◆ DATA SHOWN
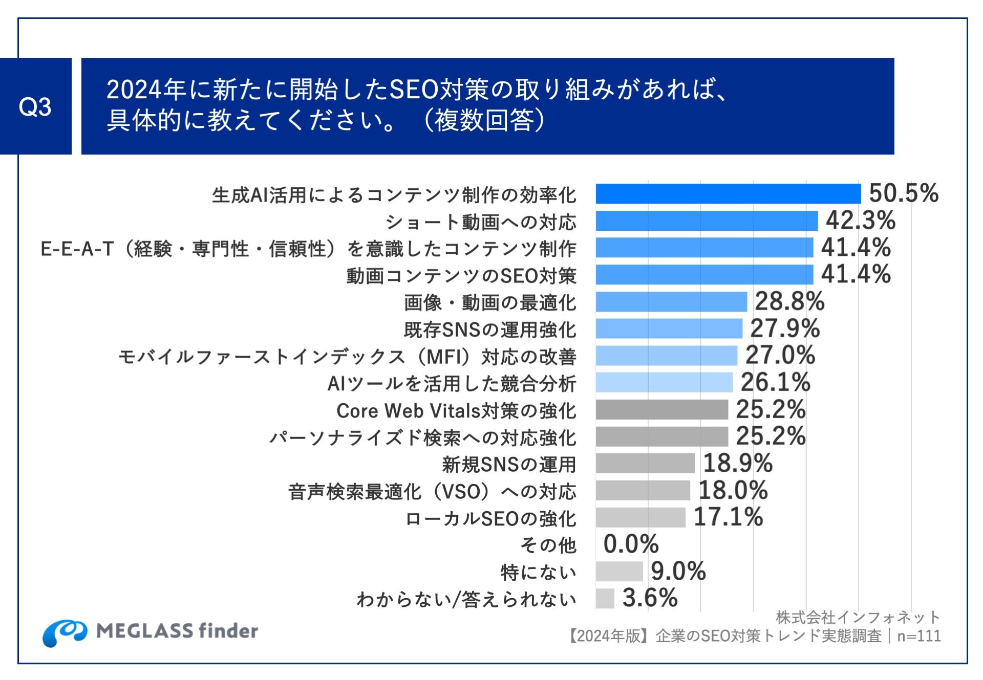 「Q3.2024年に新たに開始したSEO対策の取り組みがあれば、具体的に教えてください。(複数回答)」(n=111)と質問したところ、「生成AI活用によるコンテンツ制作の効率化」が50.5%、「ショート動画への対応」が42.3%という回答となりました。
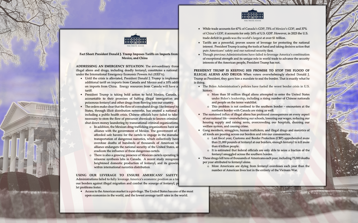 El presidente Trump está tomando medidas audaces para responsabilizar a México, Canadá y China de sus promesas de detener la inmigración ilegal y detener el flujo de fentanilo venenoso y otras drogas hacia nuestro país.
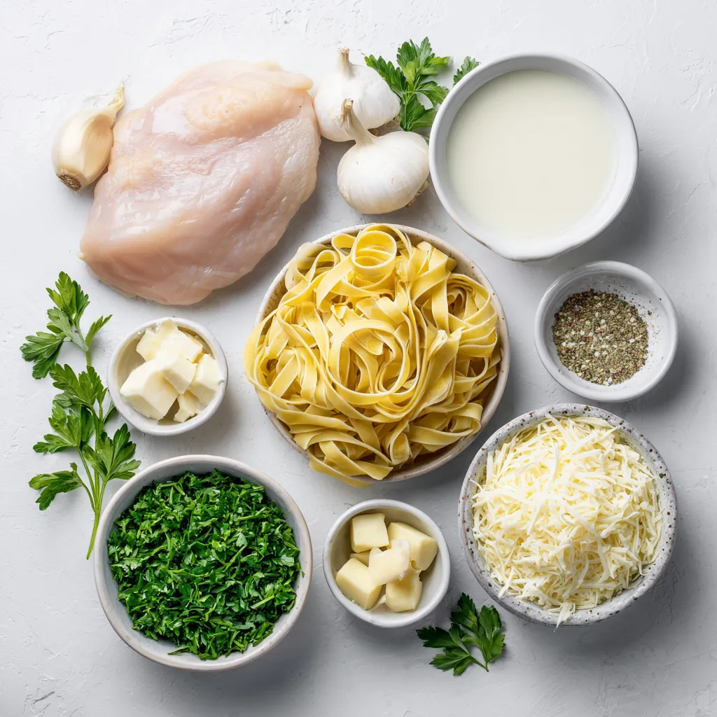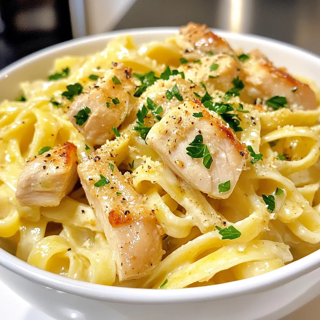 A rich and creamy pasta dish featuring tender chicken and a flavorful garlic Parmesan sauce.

◆ WHAT YOU HAVE TO DO
Begin at the line with "El presidente Trump" and end at the last line of the data above. Reproduce those lines exactly, but not the pictures.

◆ WRITTEN ANSWER
 El presidente Trump está tomando medidas audaces para responsabilizar a México, Canadá y China de sus promesas de detener la inmigración ilegal y detener el flujo de fentanilo venenoso y otras drogas hacia nuestro país.
 A rich and creamy pasta dish featuring tender chicken and a flavorful garlic Parmesan sauce.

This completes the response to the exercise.